I don't believe 1) that your appearance necessarily says anything about you, morally or otherwise, or 2) that our pets really start to resemble us after a while; NEVERTHELESS I would be surprised if Emil Bove had a dog and the dog did not look like Renfield.

64tungsten_peerts
Jul 13, 2025, 9:03 pm

Everybody knows it's the Gulf of Freedom Fries.

65tungsten_peerts
Jul 14, 2025, 10:19 am

I keep finding books I want to read! This must stop! Aieeee.

I doubt I'll finish the books in my library before I snuff it.

66tungsten_peerts
Edited: Jul 15, 2025, 12:03 pm

Although I have *always* lived in or around cities, I don't consider myself a "city person" and there are not many cities that pop up when I think "well, I don't like living here -- where *would* I like to live?

Cities I have liked and think of: Paris, Berlin, Groningen, Oaxaca City.

That's a diverse group, but obviously there's a theme: none of them are in the US.

67tungsten_peerts
Edited: Jul 18, 2025, 5:32 pm

CBS can suck it.

I have a Ph.D., so my saying such things has incredible _gravitas_.

68LizzieD
Jul 18, 2025, 10:55 pm

>67 tungsten_peerts: I have no PhD. I weigh in as I can in agreement.

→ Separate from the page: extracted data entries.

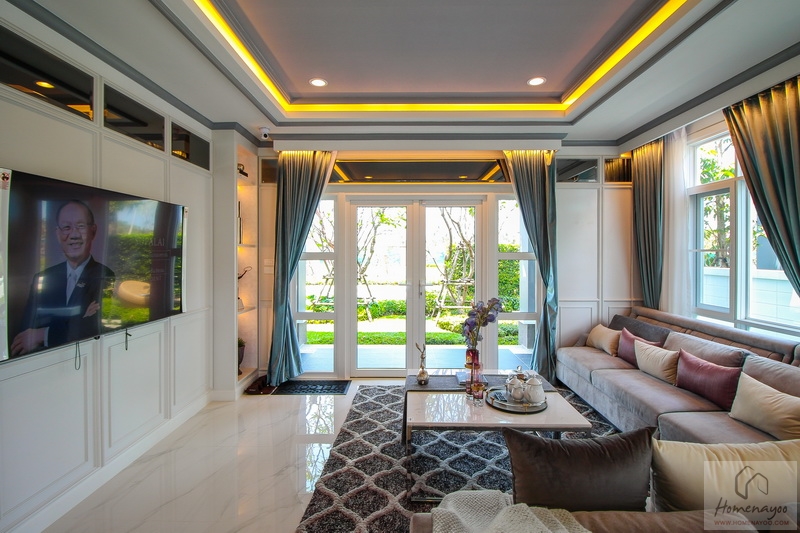 ด้วยการออกแบบที่รองรับการวางเฟอร์นิเจอร์ได้เป็นอย่างดี ทำให้มีระยะห่างจากโซฟา-ทีวี มากเกือบ 4 เมตร สมาชิกในครอบครัวนั่งพักผ่อนดูทีวีได้ในระดับสายตาที่ดี ทั้งยังสามารถเดินเข้า-ออกไปส่วนอื่น ๆ ของบ้านได้สะดวกอีกด้วยค่ะ
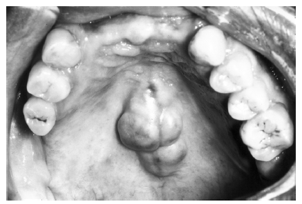 The maxillary torus presents as a hard, frequently lobulated, benign overgrowth of mature lamellar bone. It is frequently located in the midline of the hard palate (Figure 60) and attached by a broad, bony base.
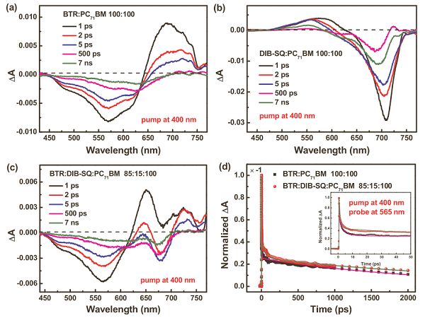 (d)二元BTR:PC71 BM共混膜和具有15wt% DIB-SQ的三元BTR:DIB-SQ:PC71 BM混合膜在供体中的瞬态吸收动力学分析
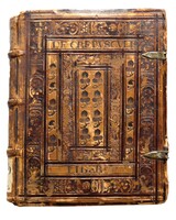 Dolna okładzin egzemplarza De revolutionibus z królewskiej biblioteki Zygmunta II Augusta z wytłoczonym tekstem „Sigismundi Augusti Regis Poloniae Monumentum 1551”; Biblioteka XX. Czartoryskich, sygn. 2338 III A Cim Saf -
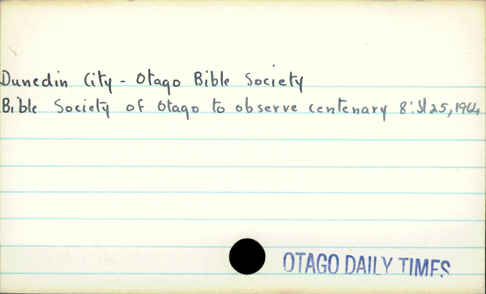 Dunedin Public Libraries (4th Jul 2017). Dunedin City - Otago Bible Society. In Website Dunedin Public Libraries. Retrieved 2nd Apr 2026 17:46, from https://dunedin.recollect.co.nz/nodes/view/110920
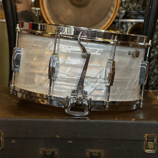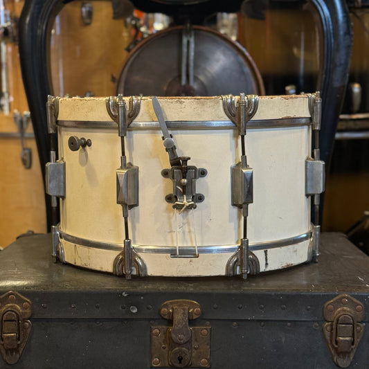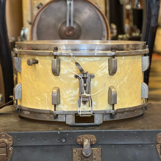 VINTAGE 1940's Lefima 8x14 Snare Drum in White Marine Pearl
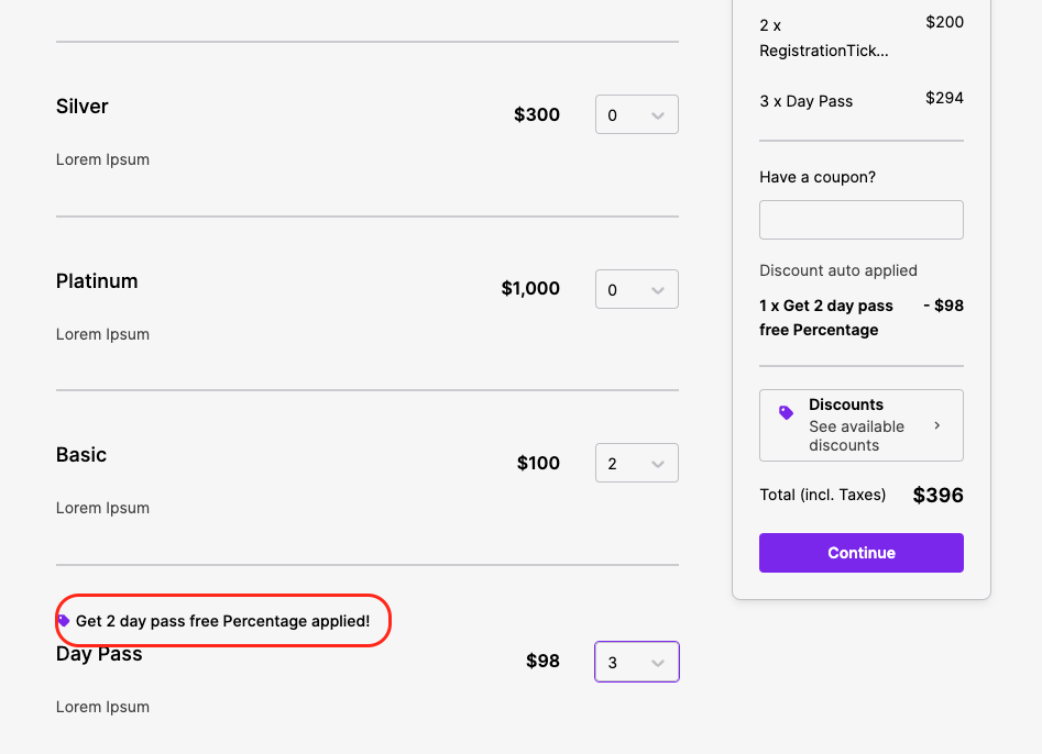 1. Until the required number of tickets are added by the attendee as per the bulk/bundle discount conditions, The available discounts are shown in the Discount section on the right as shown below ![]() | |
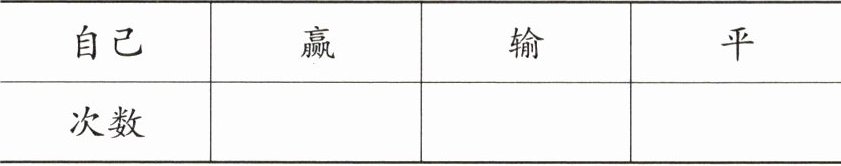 2. 和你的同桌玩一玩“剪刀、石头、布”的游戏,玩 20 次,分别记录你和同桌赢、输、平的结果,再填写到下面的统计表中。观察表中的数据,你有什么发现?
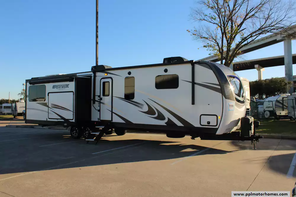 This 2021 Sporttrek Touring 336VRK is a luxurious and spacious travel trailer designed for those who seek comfort and style on their adventures. With meticulous attention to detail and innovative features, this RV offers a home-away-from-home experience for travelers.Features Include...Has an Electric Tongue Jack, 3 Slide-outs, 2 Ducted Air Conditioners, Double Door 110v Furrion Refrigerator, Automatic Main Awning And Slide Awning, Washer/Dryer Connections, Solar Panel, Outside Speakers, TV, DVD Player, Outdoor Kitchen, Outside Shower, Fireplace, Microwave, 3 Burner Range,and Oven.This is a well-designed and feature-rich travel trailer that combines luxury, functionality, and durability, making it an ideal choice for travelers seeking a premium camping experience.
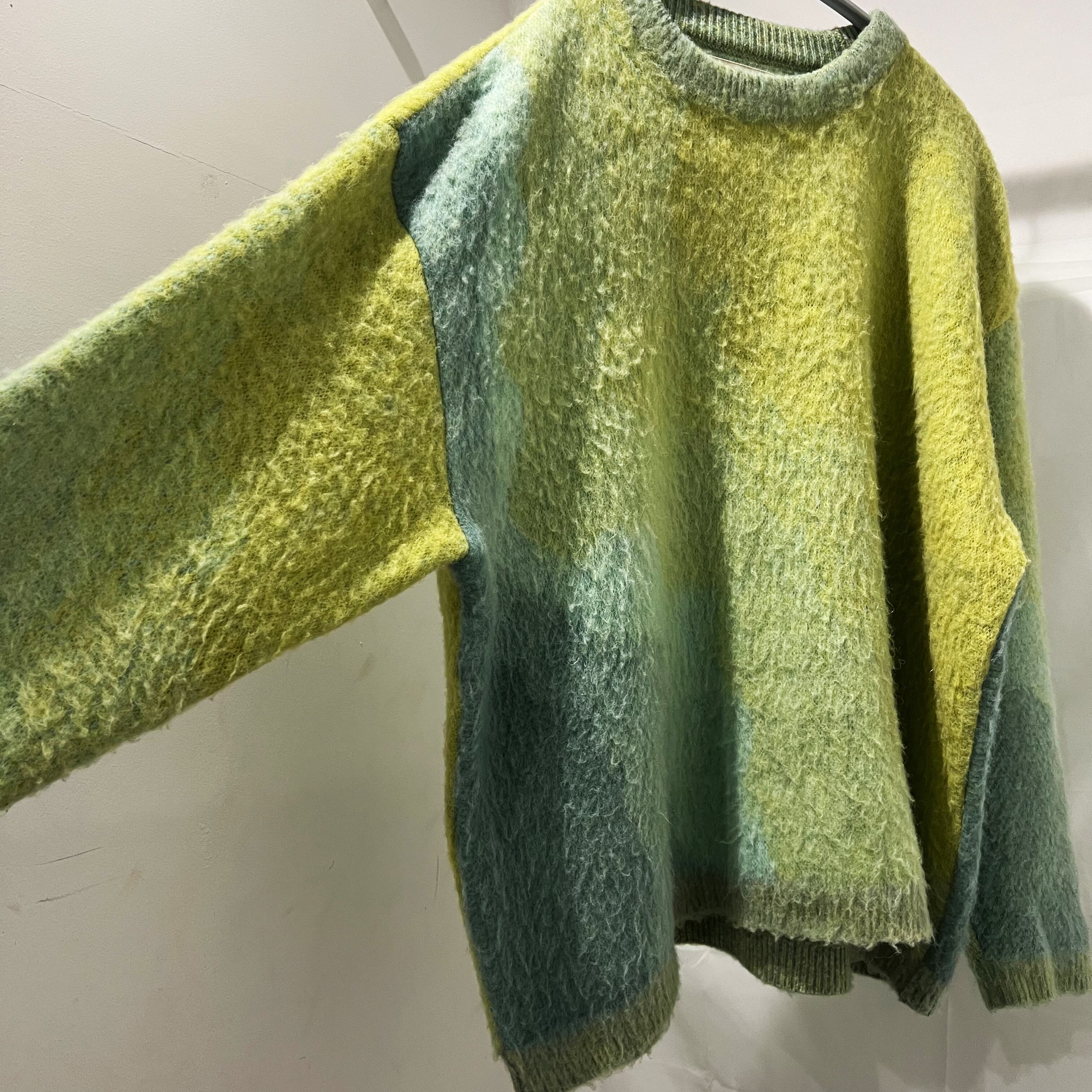 絵の具が滲んだ様子を多色のジャガードで<表現したクルーネックセーターです。
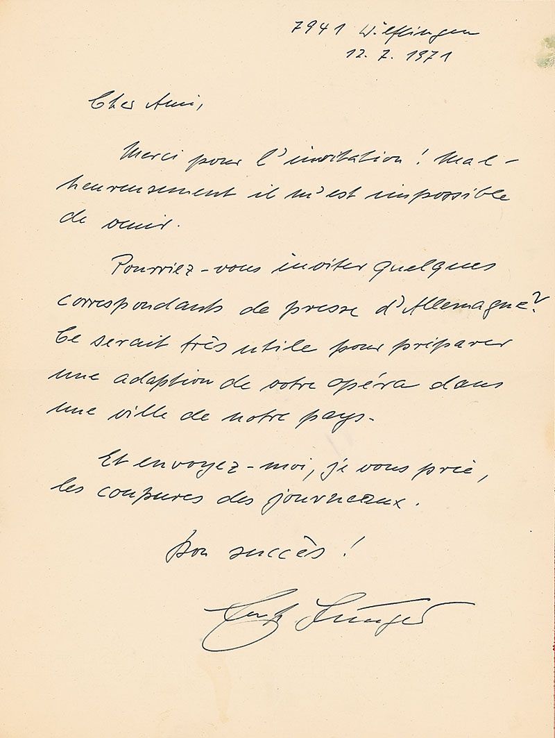 German writer (1895–1998) known for his book Storm of Steel. ALS in French, one page, 8.25 x 11, July 12, 1971. Untranslated letter to a friend. In fine condition, with central horizontal and vertical folds, one through a single letter of signature, small
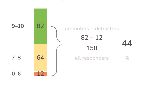 The actual eNPS score, though, is not just an average of these answers. Instead, it indicates the percentage of “promoting” minus the percentage of “detracting” employees. “Promoters” are those answering with a 9 or 10. “Detractors” are those who respond with a score lower than 7. Other responses are only counted in the total sum of responses.
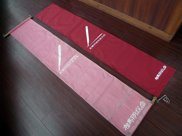 えんじ色の日よけ暖簾だったので日焼けして白っぽく色褪せてしまってました。
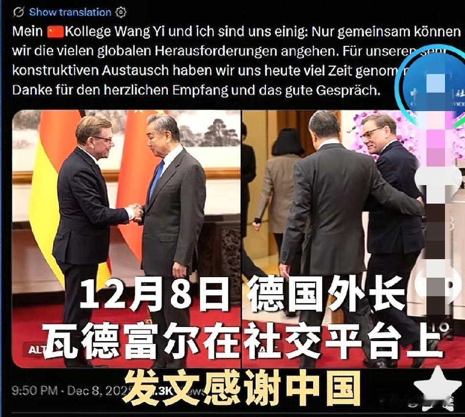 德国外长来华访问,不虚此行。他在社交平台上发文感谢中国。 真的,他来访问是一波三折。估计也就是这样的,好事多磨,中德联手能为这个时代的挑战加强合作也算是一个回报。 德国这个欧洲实力最强的老牌大国,从俄乌冲突就站错队了。后来厮跟着美国和我们搞摩擦,都是错错错。都是嘴上的战略政治家,像小孩子一样的想问题。和俄罗斯闹掰了,能源是大麻烦,一切都受影响。和中国合作不顺畅,经济倒退。 眼下只好一点点地走出来,接近中国,重启一下吧。因为他看到了中美贸易谈判的画面,睡不好觉。自己把自己卖了,还帮美国一起数钱。到头来吃亏的都是自己。 别哭了,估计这哥们破涕为笑。
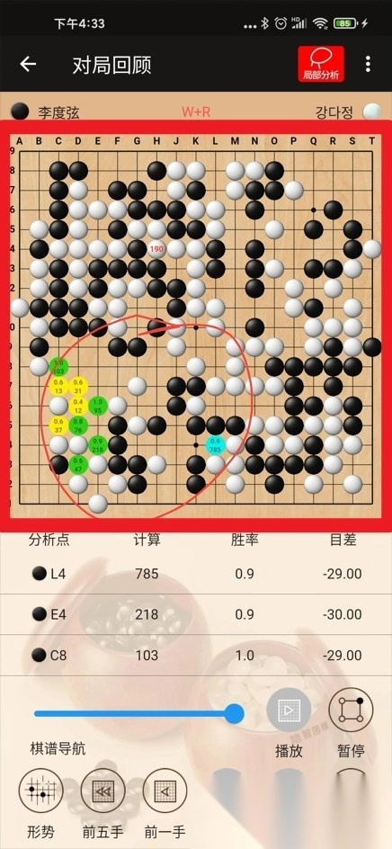 在對局回顧環(huán)節(jié),AI會對關(guān)鍵落子點進行標記,同時呈現(xiàn)勝率的變化情況以及目差的分析內(nèi)容。

My copy of the original *Augustine* came in the mail today. I look forward to it soon! (I can't possibly read everything I want to read already on my shelves before my end, but that doesn't stop book greed.)

"You like to read, don't you?"

"Almost as much as I like to breathe."

69tungsten_peerts
Jul 19, 2025, 9:27 pm

>68 LizzieD: Oohh, good! I'm trying to decide whether I'm going to order a 1000+ page encyclopedia of 19th century baseball for my birthday @_@

70tungsten_peerts
Jul 20, 2025, 6:05 pm

I am divorcing the Internet. Bye, for now, at least.